Optional Merge Paired Reads

The Optional Merge Paired Reads tool has been moved to Legacy Tools folder because it is now incorporated into the OTU Clustering tool. When the input consists of paired reads, the OTU clustering tool will initially merge them into pairs, and align the resulting paired reads to OTUs. Reads that cannot be merged will be independently aligned to reference OTUs. Then both reads of a pair will be assigned to the OTU where they both align with the highest identity possible. Finally, the tool merges both reads of the pair using a stretch of N to the fragments so that the paired read looks as much as possible like the OTU they have been assigned to. For example, the forward-reverse pair (ACGACGACG, GTAGTAGTA) will be turned into ACGACGACGnnnnnnnnnnnnnnnnnnnnTACTACTAC.

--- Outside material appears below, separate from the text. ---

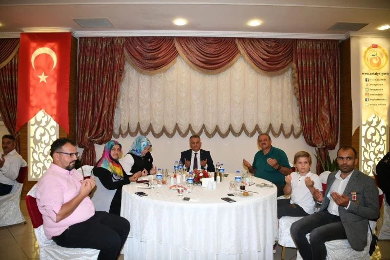 15 Temmuz 2016’da yaşanan darbe girişiminin 5’inci yıl dönümü etkinlikleri kapsamında Antalya Valisi Ersin Yazıcı’nın ev sahipliğinde şehit yakınları ile gazi ve gazi yakınları onuruna yemek verildi.

In order to use the highest quality sequences for clustering, it is recommended to merge paired read data. If the read length is smaller than the amplicon size, forward and reverse reads are expected to overlap in most of their 3' regions. Therefore, one can merge the forward and reverse reads to yield one high quality representative using the Optional Merge Paired Reads tool. The Optional Merge Paired Reads tool will merge paired-end reads according to some pre-selected merge parameters: the overlap region and the quality of the sequences. For example, for a designed 150 bp overlap, a maximum score of 150 is achievable, but as the real length of the overlap is unknown, a lower minimum score should be chosen. Also, some mismatches and indels should be allowed, especially if the sequence quality is not perfect. You can also set penalties for mismatch, gap and unaligned ends.

To run the Optional Merge Paired Reads tool, go to Legacy Tools | Optional Merge Paired Reads (Image overlapping_pairs_16_n_p).

Select any number of sequences as input. The tool accepts both paired and unpaired reads but will only merge the paired reads while returning the unpaired ones as "not merged" reads in the output. Note that paired reads have to be in forward-reverse orientation. After merging, the merged reads will always be in the forward orientation.

Click Next to open the dialog shown in figure 22.1.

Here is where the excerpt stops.